“Only just from the corner, daddy! Madge brought us to the corner, and then she pointed where your office was, and there weren’t any streets to cross or anything.” Something in Martha’s voice made him glance down at her. He found her looking up at him with a queer, anxious little frown knitting her brows. “She brought us right to the very corner, daddy!”
“That’s all right, chick!” he said, squeezing her hand. “I mustn’t even hint anything against—Katherine,” he thought. “Poor little kid—she’s worried. This way!” he said aloud. “In here!”
He opened the door of his new suite of offices. A fine suite it was, and he was proud of it.

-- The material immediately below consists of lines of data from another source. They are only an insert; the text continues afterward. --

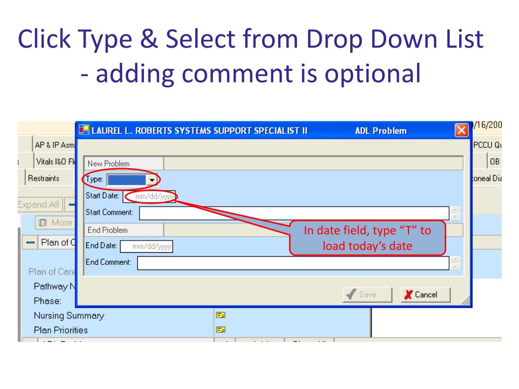 Click Type & Select from Drop Down List- adding comment is optional In date field, type “T” to load today’s date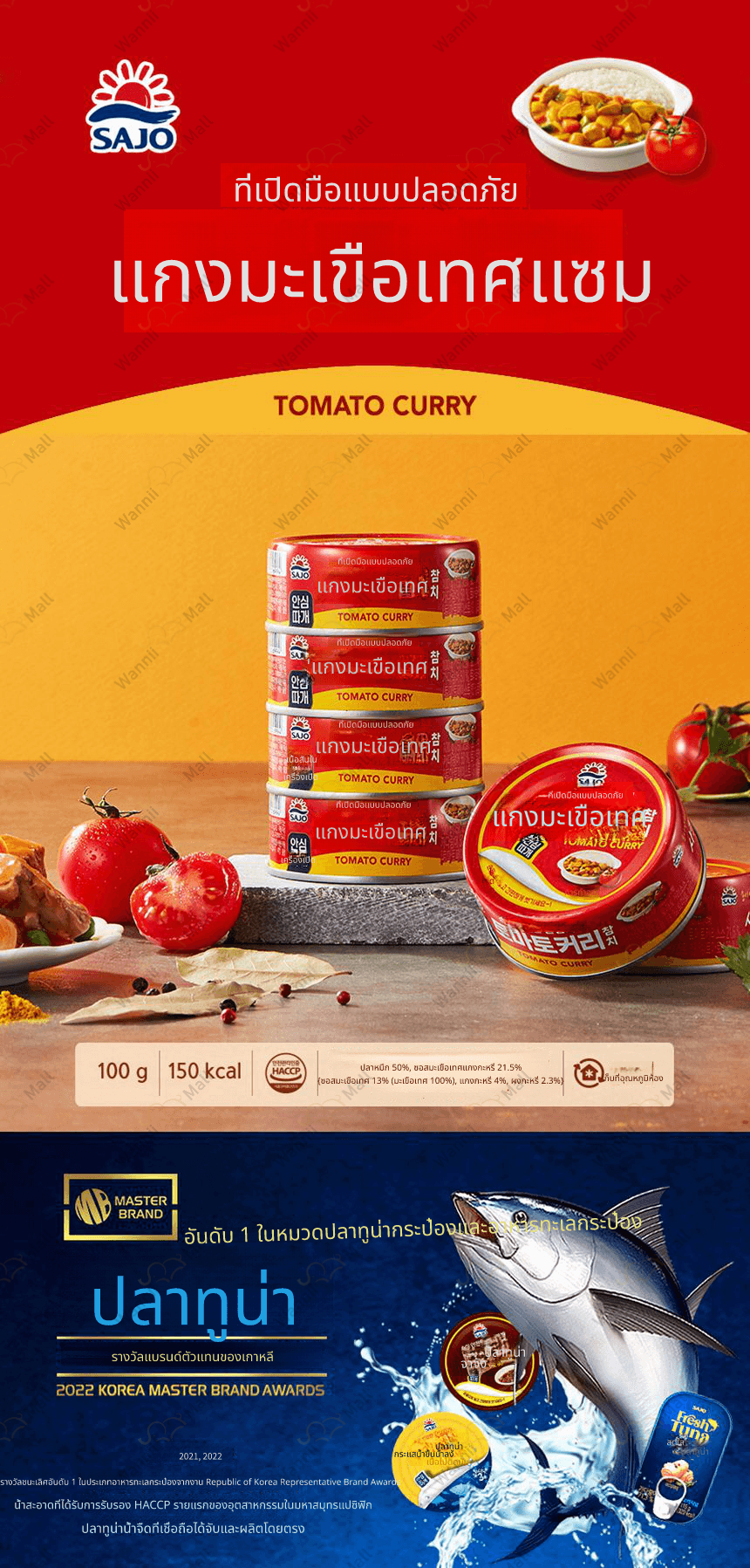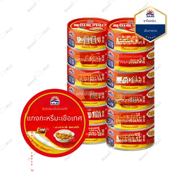 - โฮม > อาหาร > อาหารสำเร็จรูป > อาหารกระป๋อง > ปลาทูน่าแกงกะหรี่มะเขือเทศซาโจ้ แบบเปิดง่าย 100ก. 12 กระป๋อง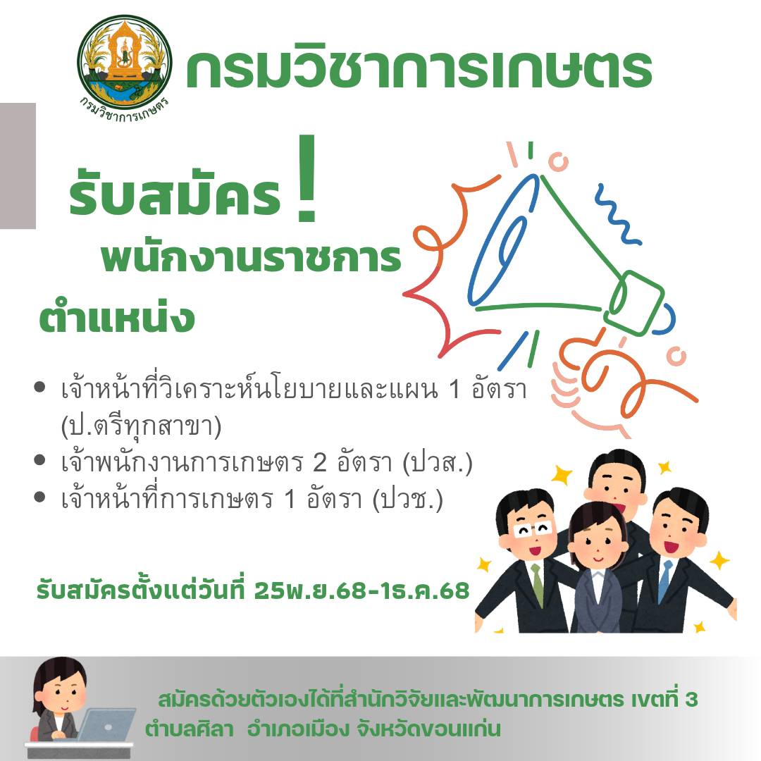 ด้วยกรมวิชาการเกษตร โดยสำนักวิจัยและพัฒนาการเกษตรเขตที่3 จังหวัดขอนแก่น (สวพ.3) ประสงค์จะรับสมัครบุคคลเพื่อจัดจ้างเป็นพนักงานราชการทั่วไป ฉะนั้น อาศัยอำนาจตามประกาศคณะกรรมการบริหารพนักงานราชการ เรื่อง หลักเกณฑ์ วิธีการ และเงื่อนไขการสรรหาและเลือกสรรพนักงานราชการและแบบสํญญาจ้างของพนักงานราชการ พ.ศ.2552 ลงวันที่11กันยายน2552ระเบียบสำนักนายกรัฐมนตรีว่าด้วยพนักงานราชการ พ.ศ.2547ประกาศคณะกรรมการการบริหารพนักงานราชการ เรื่อง การกำหนดลักษณะงานและคุณสมบัติเฉพาะของกลุ่มงาน และจัดกรอบอัตรากำลังพนักงานราชการ พ.ศ.2544 ลงวันที่ 28กุมภาพันธ์2544 และฉบับที่2 พ.ศ.2545 ลงวันที่ 26กันยายน 2555 จึงประกาศรับสมัครบุคคลเพื่อเลือกสรรเป็นพนักงานราชการทั่วไป ของสำนักวิจัยและพัฒนาการเกษตรเขตที่3 จังหวัดขอนแก่น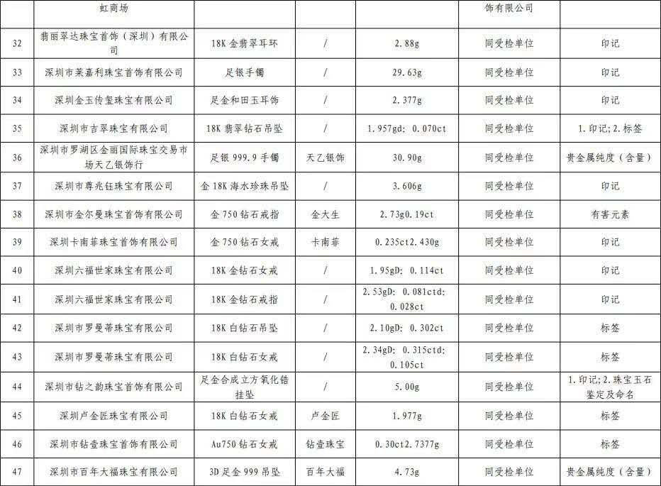 原標(biāo)題:深圳最新抽檢珠寶抽檢結(jié)果公布,不合格產(chǎn)品發(fā)現(xiàn)率16.3%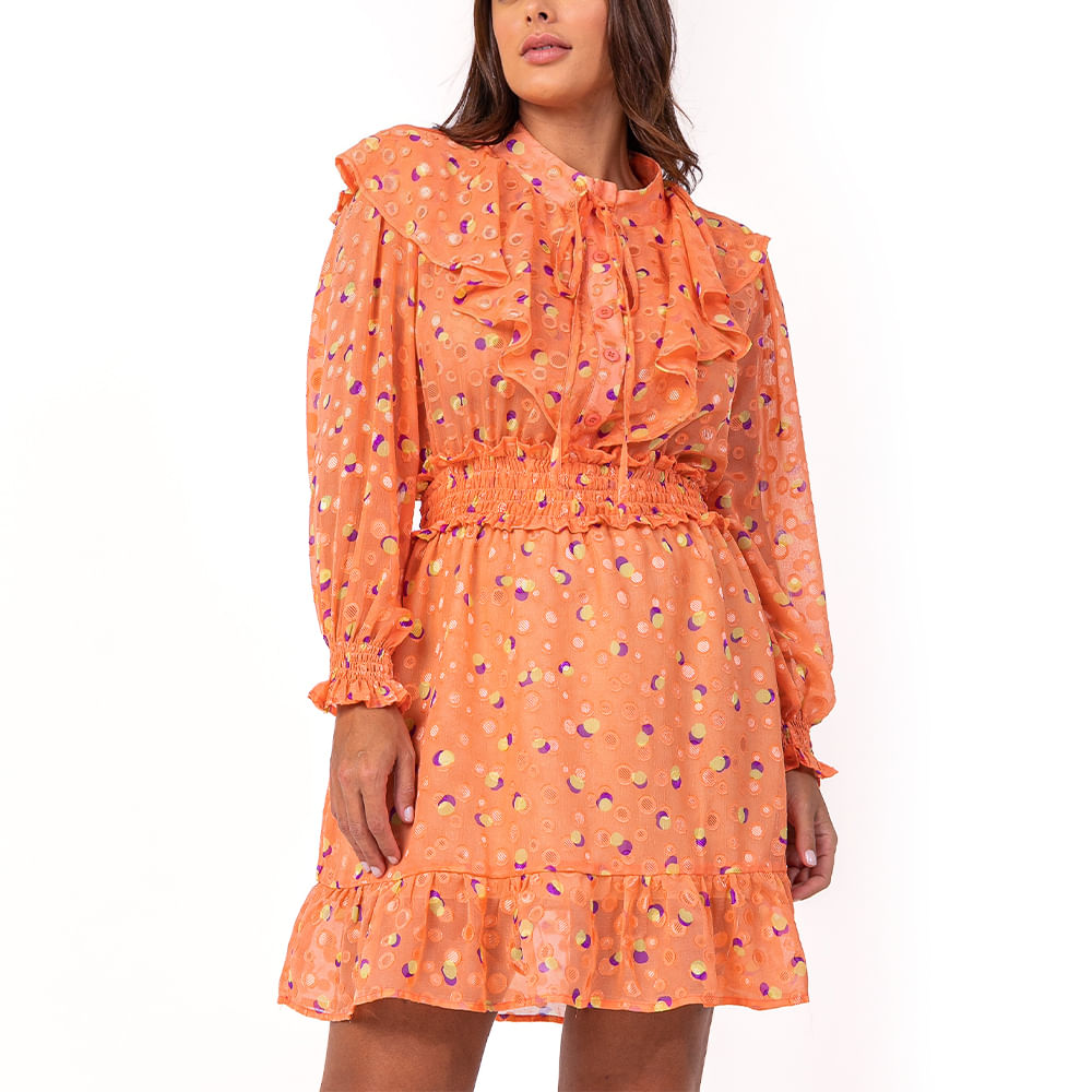 Vestido feminino confeccionado em tecido de poliéster e caimento fluido; Modelo conta com comprimento curto, mangas longas com elástico no punho, babados aplicados e botões frontais; Estampa corrida colorida, que traz um toque alegre á peça; O vestido feminino curto é ideal para ser usado com sandálias, sapatos baixos e botas delicadas; Para um visual fashionista, aposte em uma bota de cano curto e arremate com os acessórios pequenos e delicados; Os babados em vestidos se tornaram uma grande tendência e todas as amantes de moda estão adorando usar; Aposte no vestido com babados para um visual fashionista e super atual; <br><br>.<br><br><br>Produto: Vestido Curto Babados Coral<br>Categoria: Vestidos<br>Cor: Coral <br>Manga: Manga Longa<br>Gola: Gola Camisa<br>Tecido: Poliester / Tecido Fluido <br>Composição : 100% poliester<br>Peso :200 g<br>Gênero: Feminino<br>Marca: Vértice<br>.<br><br><br><br>Medidas.<br><br>P - Busto até 90 cm l Cintura até 71 cm l Quadril até 99 Cm.<br>M - Busto até 96 cm l Cintura até 77 cm l Quadril até 102 cm.<br>G - Busto até 102 cm l Cintura 83 cm l Quadril 111 cm.<br>GG - Busto 108 cm l Cintura até 89 cm l Quadril até 117 cm.<br>EGG - Busto até 114 cm l Cintura até 95 cm l Quadril até 123 cm.<br><br><br><br><br><br><br><br><br><br><br><br><br><br><br><br><br><br><br><br><br><br><br><br><br><br><br><br><br><br><br><br><br><br> <br><br><br><br><br><br><br><br><br><br><br><br><br><br><br><br><br>

“Rather different from the old place, eh?” he said.
“Oh, yes!” said Martha.
She had taken Renie’s hand again, and they stood stiff and straight, terribly conscious of so many strange eyes regarding them. They were beautiful children, dark as gypsies, with a lovely color in their sunburned cheeks. Both of them were straight and sturdy, like himself. They were unmistakably his children.
“Dead image of you, Blakie!” said Cris[Pg 537]son, his partner. “Fine kids! Let’s see—how old are they?”
“Martha’s ten and Irene is eight.”
“Lord! How time flies!” said Crisson.
The past six months had not flown for Blakie.